I BELIEVE IN PUBLIC LIBRARIES
Wednesday, February 27th, 2008I believe in public libraries.
My love of public libraries started when I was a child. My mother, who only went to school through eighth grade, had the wisdom to take me to the Berlin, Wisconsin, Public Library. It was a Carnegie Library with two long flights of steps, one outside and one inside, before you reached the main (the only) desk. Behind that desk was Miss Safford, who registered me for a library card. Number 3670.
As soon as I was able, I went to the library by myself, every day in the summers, less often during the school year. Miss Safford retired and Miss O’Connor took over. She recognized me as a Reader with a capital R. When I had read everything in my age level and below, she began bringing out books from the adult section for me. Then, even though I was only thirteen, she let me into the adult section. Miss O’Connor was my kind of librarian; the kind that will bend the rules in order to nurture a reader.

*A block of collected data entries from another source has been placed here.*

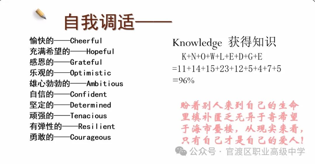 在自我调适活动中,老师们按照要求找到理想的状态的词汇,提升自己的主观幸福感。
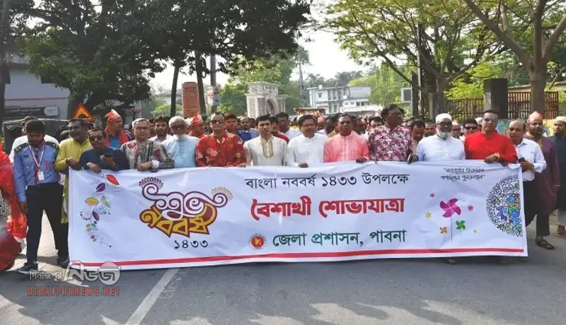 আজ পয়লা বৈশাখ বাংলা নববর্ষ ১৪৩৩। পাবনায় বর্ণাঢ্য আয়োজনে বাংলা নববর্ষ উদযাপন করা হচ্ছে। সকাল ৯ টায় জেলা প্রশাসক কার্যালয় থেকে জেলা প্রশাসনের আয়োজনে বৈশাখী শোভাযাত্রা বের করা হয়। শোভাযাত্রায় অংশ নেয় বিভিন্ন সরকারি বেসরকারি প্রতিষ্ঠানের শত শত মানুষ। শোভাযাত্রায় আবহমান বাংলার চিরায়ত চিত্র ফুটে ওঠে।
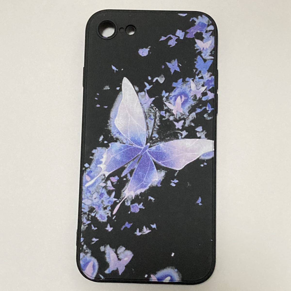 - 新品 iphoneケース 7/8/SE2.3用 きれいな蝶々のスマホケース 幻想的 ブルー ブラック 夢の世界 幻夢 紫 シリコンケース 蝶
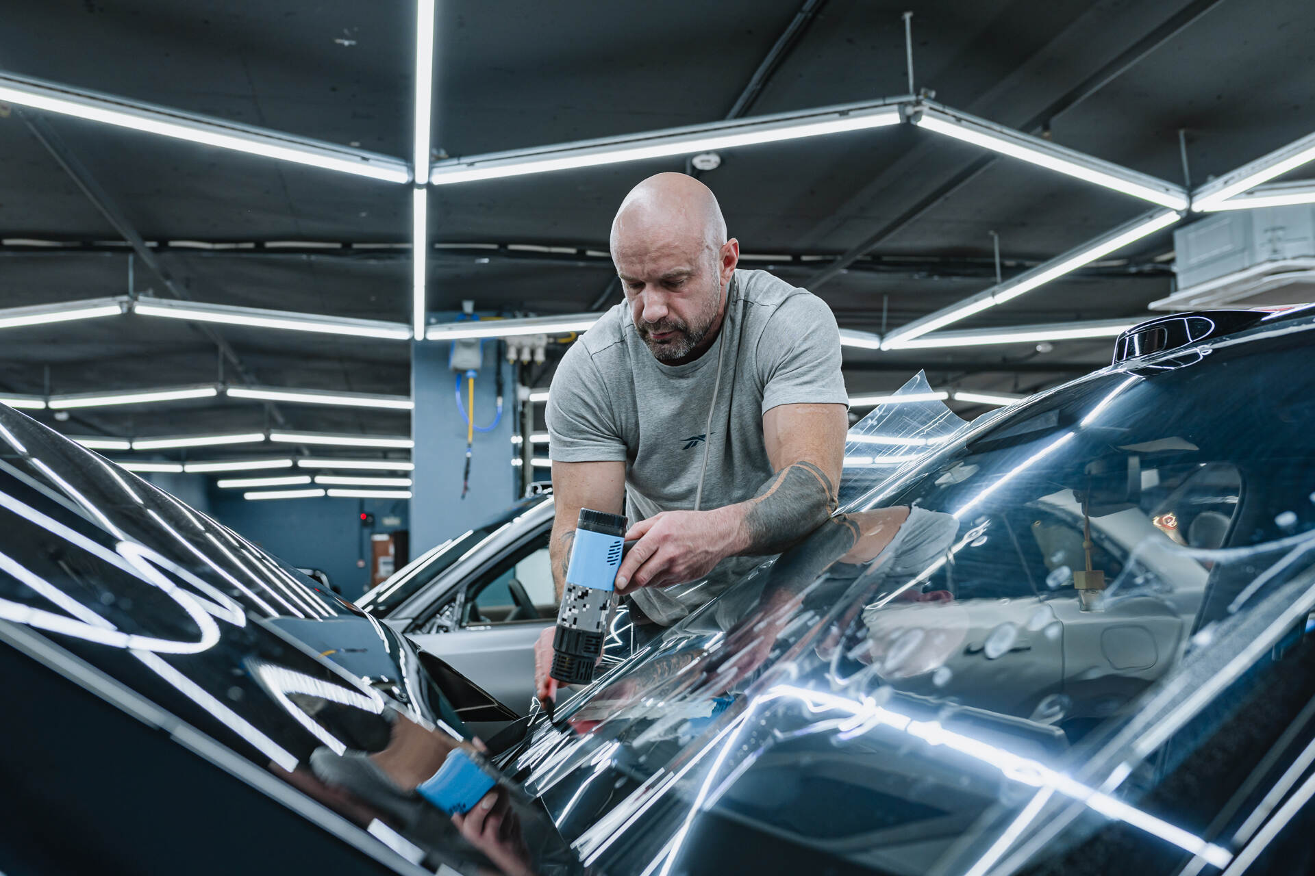 Процесс защиты лобового стекла Lixiang L7 2025 Рестайлинг начинается с тщательного очищения и обезжиривания внешней поверхности. Подготовленный фрагмент пленки Spectroll Windshield обрабатывают мыльным раствором для придания материалу необходимой эластичности. Затем покрытие аккуратно распределяют по стеклу, используя ракель для удаления влаги и разглаживания неровностей. Благодаря абсолютной прозрачности и отсутствию цвета, броня остается невидимой и никак не ограничивает обзор водителю. Завершив нанесение плёнки, мастера корректируют края покрытия лезвием, а финальным штрихом становится прогрев стекла промышленным феном для идеальной фиксации материала. После этого обновленный Lixiang L7 2025 Рестайлинг готов к выдаче владельцу. Защитный слой Spectroll Windshield остается абсолютно невидимым невооруженным глазом, при этом он надежно оберегает триплекс от агрессивного воздействия пескоструя и надолго сохраняет его заводской вид.
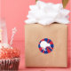 La forme blanche d'un kiwi contre un design bleu et rouge. Le rouge, le blanc et le bleu sont les couleurs du drapeau néo-zélandais.
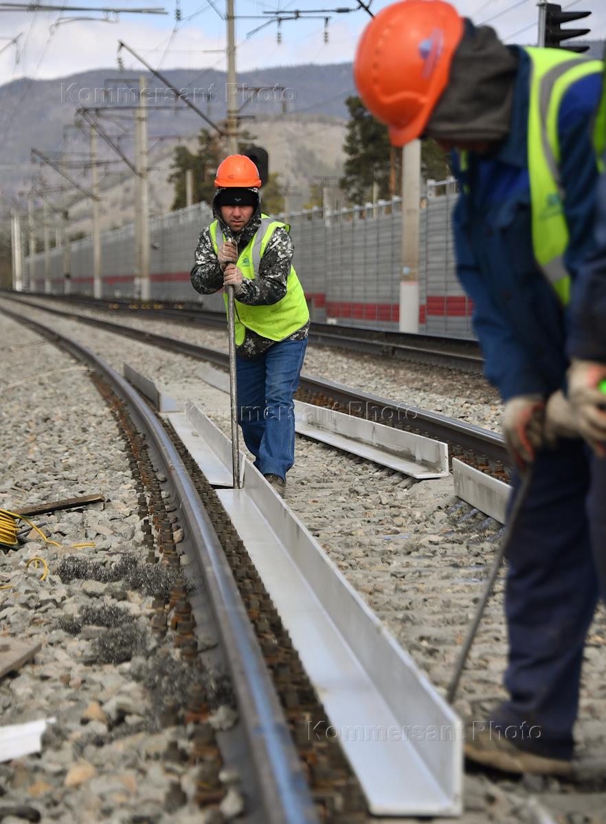 Environmental press tour to Baikal. Construction and installation works on the Severobaikalsk - Tyya section of the Baikal-Amur Mainline (BAM). Technical train on railway tracks.
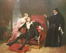 La mort de Charles IX (XIXe siècle) Le roi Charles IX sentant la mort approcher hésite à remettre l'acte de régence à sa mère Catherine de Médicis qu'il tient dans sa main. Il est réconforté par son épouse Élisabeth d'Autriche alors qu'il pointe du doigt la fenêtre du Louvre[6]. Tableau de Raymond Quinsac Monvoisin[7].
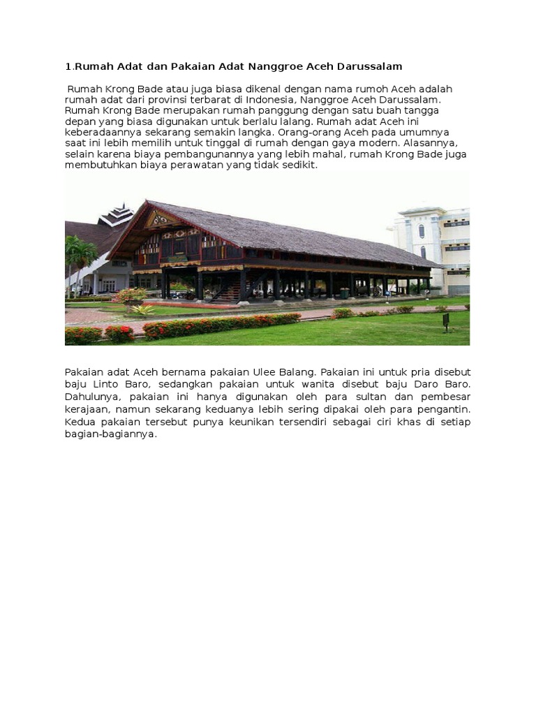 Rumah adat aceh ini keberadaannya sekarang semakin langka. Rumah adat dan asalnya provinsi nanggroe aceh darussalam | rumah krong bade. 34 nama pakaian adat tarian adat rumah adat dan senjata.
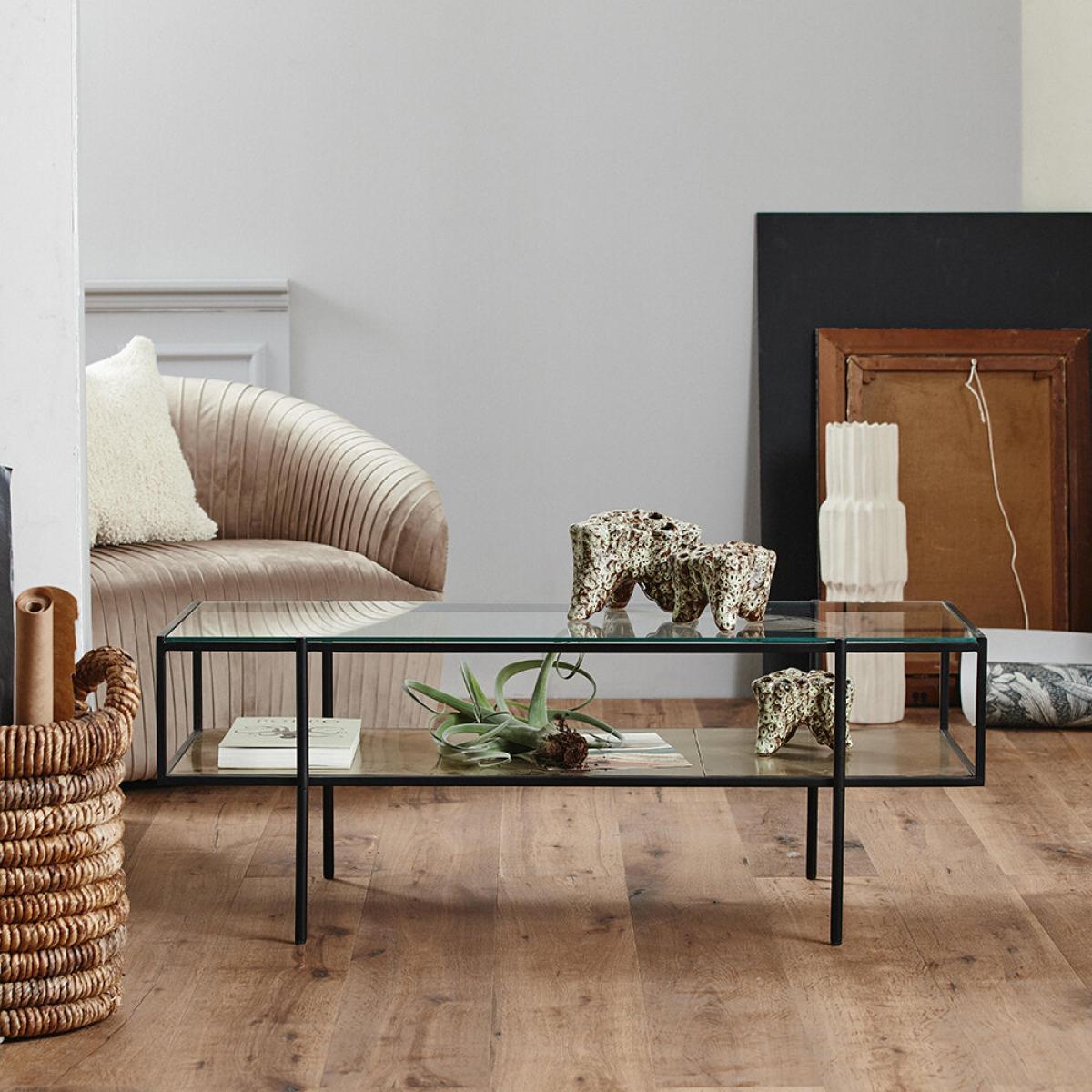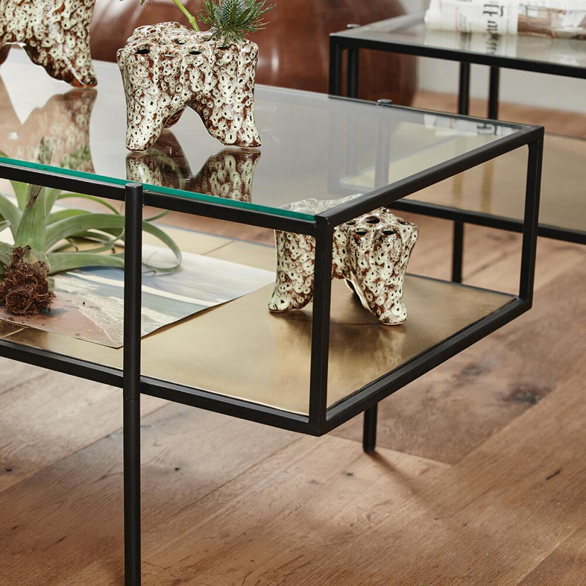 Create the perfect focal point with this Parana Coffee Table from Nordal. Made from iron and glass, this sleek and stylish table features a gold shelf. The glass tabletop makes it the perfect place to display coffee table books and ornaments.
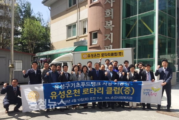 대전 유성구는 10일 유성온천로타리클럽(회장 한유진)이 송강복지관에 지역주민과 유성온천로타리클럽 회원 20여명이 참석한 가운데 2900만원 상당의 푸드뱅크 차량을 기증했다.
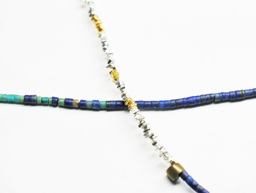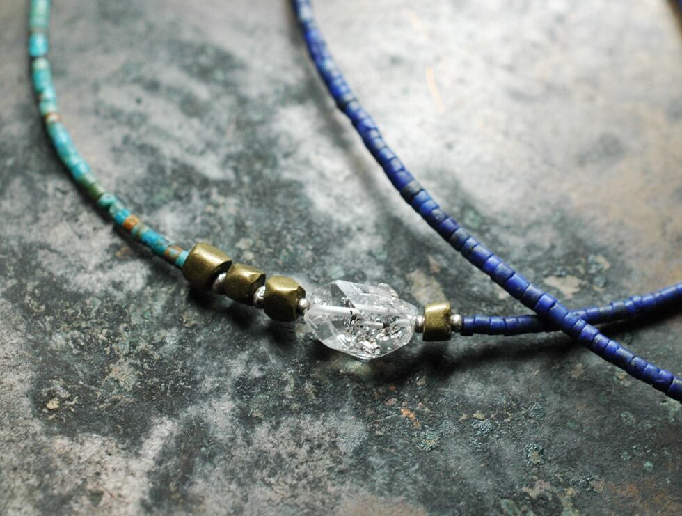 ハーキマーダイヤモンド、さざれカレンシルバーとラピス&ターコイズの華奢なネックレス
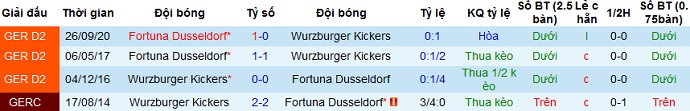 + Lịch sử đối đầu Würzburger Kickers vs Fortuna Düsseldorf
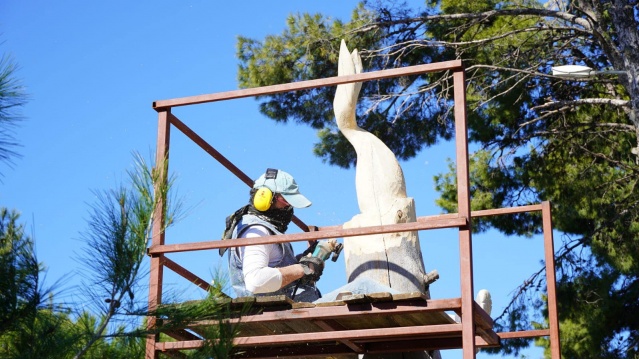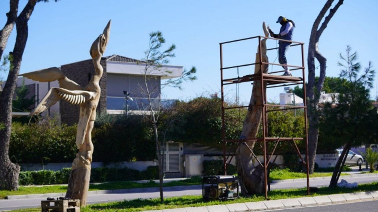 Heykeltraş Onur Canka, Alaçatı Çamlık yolda bulunan, ömrünü tamamlamış ağaçları yontarak onları büyüleyici şekillere sokuyor.
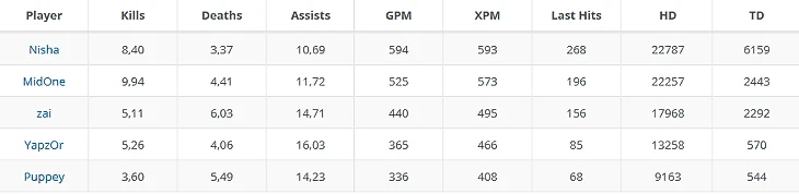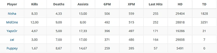 4. Вопросы есть к роли, которую Пуппей отвел Заю. Функции оффлейнера Team Secret включают в себя агрессивный отпуш линий и нанесение урона по зданиям. В среднем на долю шведа приходится 19% от командного урона по строениям, а учитывая долю Ниши больше чем в 50%, это весьма заметный вклад. По этому параметру Зай примерно на равных с Мидваном.
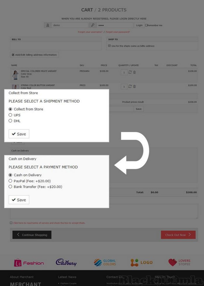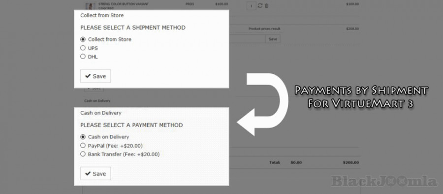 - Works with both standard VirtueMart checkout system and with VP One Page Checkout.
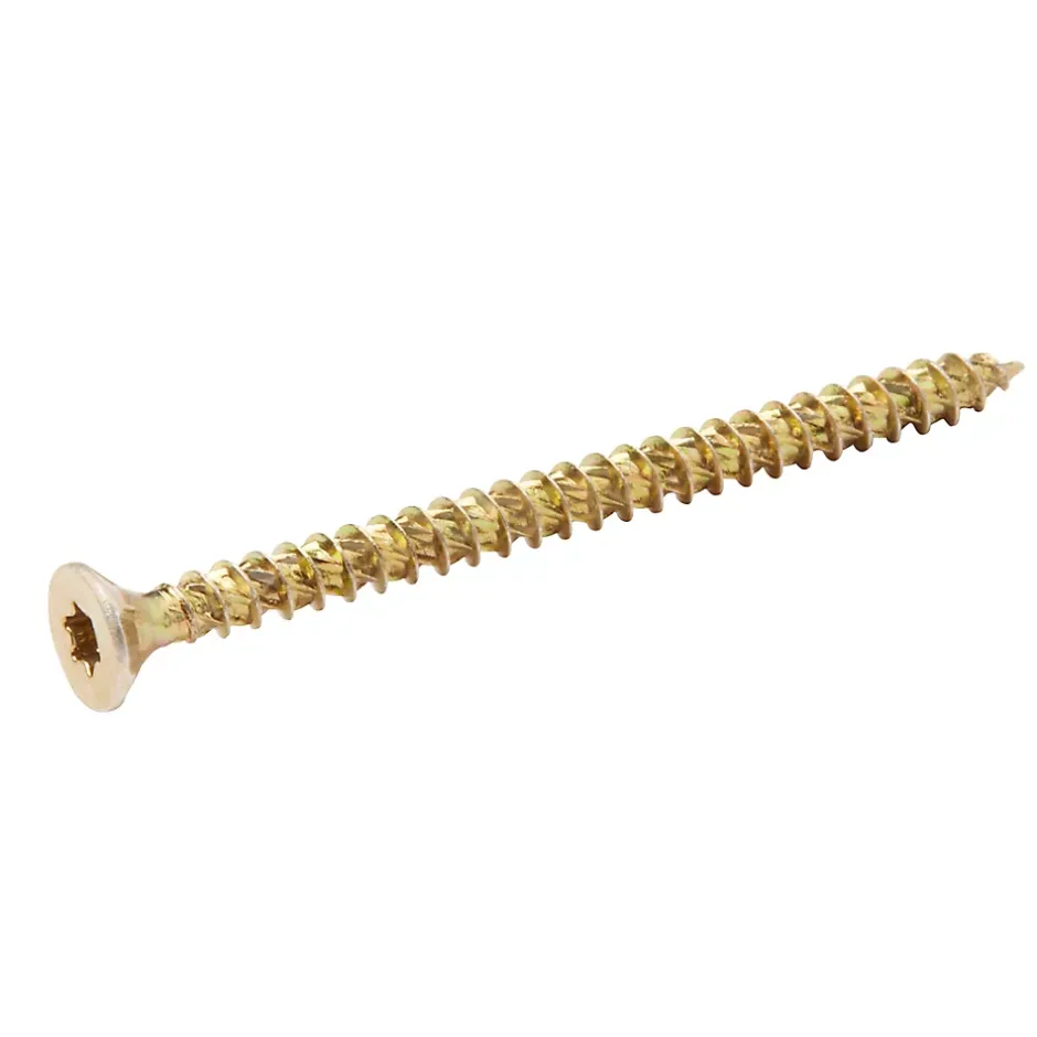 Les 100 vis à bois premium zinguées jaunes à double tête fraisée de ce pack sont fabriquées à partir d’acier. Elles mesurent 50 mm de long et ont un diamètre de 3,5 mm. Elles sont idéales pour tout un éventail de projets de bricolage.
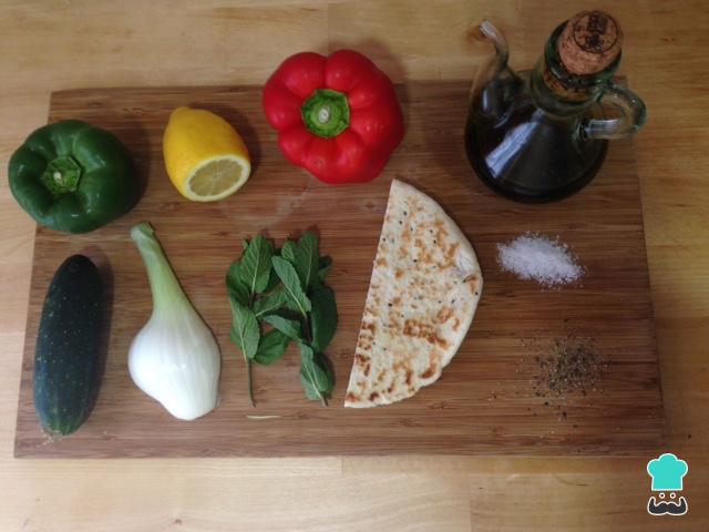 Reunimos todos los ingredientes para elaborar la ensalada libanesa fattoush.
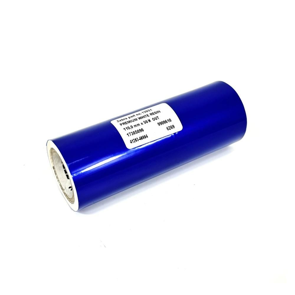-Echantillon de ruban transfert thermique Zebra, couleur noir en résine qualité Premium White format 110mm x 50m en mandrin de 25.4mm.
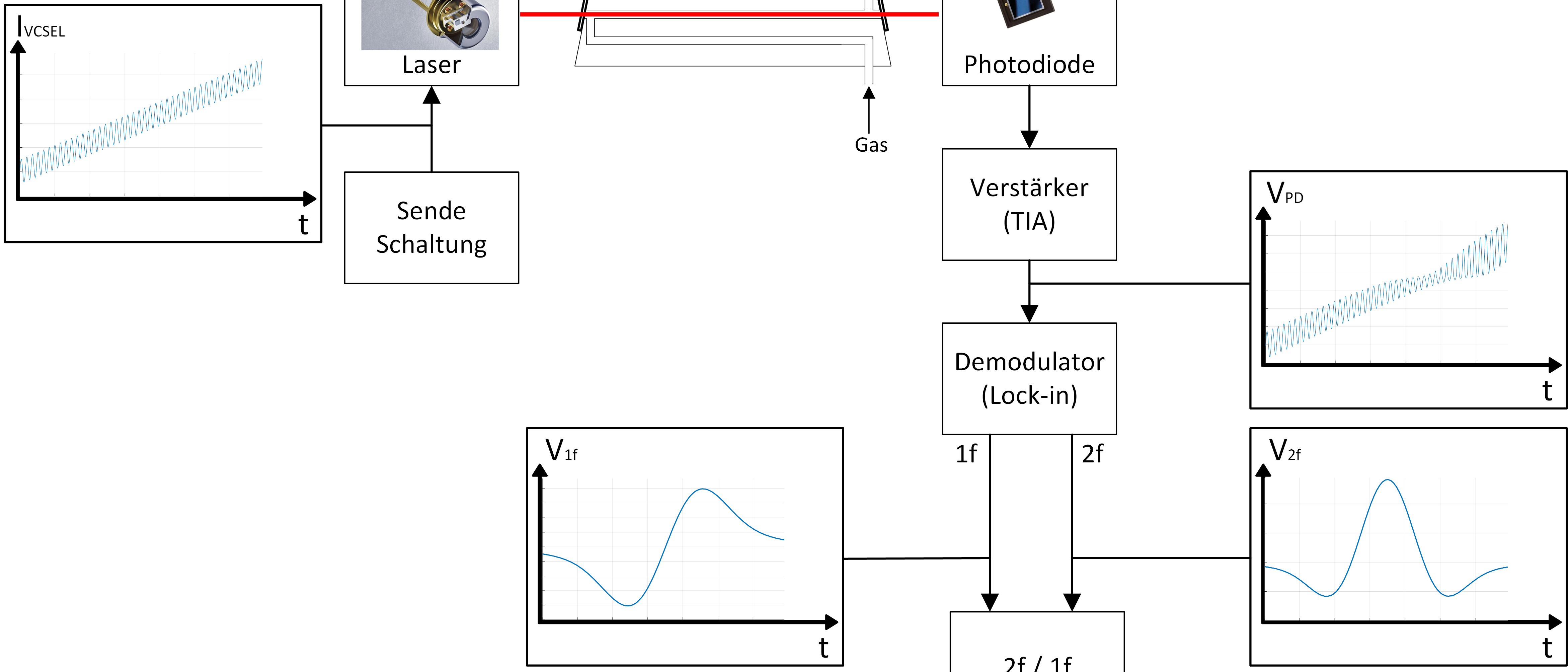 Die Atemgasanalyse stellt hohe Anforderungen an die Genauigkeit (0.03%Vol) und Ansprechzeit (40ms) aller Gasmessungen. Daher wurden für die O2, CO2 und SF6 Messung jeweils ein optischer Sensor mit der kleinstmöglichen Messstrecke, basierend auf der Wellenlängenmodulations-spektroskopie bzw. auf der nicht-dispersiven Infrarotspektroskopie eingesetzt. Beide Messprinzipien beruhen auf der Tatsache, dass Licht einer bestimmten Wellenlänge von den jeweiligen Gasmolekülen absorbiert wird. Während bei der nicht-dispersiven Infrarotspektroskopie aus einem Breitband Infrarotstrahler der spezifische Wellenlängenbereich mit einem optischen Bandpass herausgefiltert wird, setzt man bei der Wellenlängenmodulationsspektroskopie einen schmalbandigen Laser ein. Die Wellenlänge des Lasers kann über den Laserstrom moduliert werden. Liegt die Wellenlänge des Lasers im Bereich der Absorptionslinie des Gases, so führt die Absorption zu Verzerrungen, welche abhängig von der Gaskonzentration sind. Die Qualität der Gasbestimmungen ist mit der eines Massenspektrometers vergleichbar.
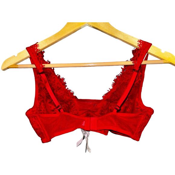 Victoria's Secret Unlined Plunge Red Lace Dream Angels Underwire
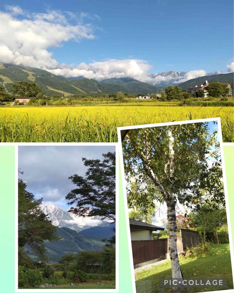 稲刈りを待つ田んぼと白馬の山並み⛰️
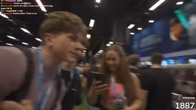 01:46:14Zum Ende des Streams sucht der Streamer nach einem bestimmten Stand und trifft auf alte Bekannte. Er besucht den Stand von Smiley & Paul und interagiert mit Besuchern. Später bittet er darum, dass sein Freund Luca vorbeikommt, damit sie gemeinsam etwas unternehmen können. Der Streamer kündigt an, dass er bald die Messe verlassen muss, da er zu einem bestimmten Zeitpunkt zurück sein muss.

Well, time passed and I chose librarianship as a career. I learned that there is a large community of people who also believe in public libraries. For example, one day a few years ago, I met a woman in the lobby of the Bettendorf Public Library. She had recently donated to the Library Foundation and I thanked her. “I thank you,” she said. She told me she was a Hungarian immigrant and had grown up in Chicago. “We were poor,” she said, “but I never FELT poor because I could go to the library and get whatever I wanted to read.” If you want to be thanked a lot for the work you do, become a librarian. People will love you for helping them find a book or piece of information.
Yes, I believe in public libraries. They were a haven for me as a child. They are a free resource everyday for countless people. They nurture reading. They are a fundamental ingredient of this democracy.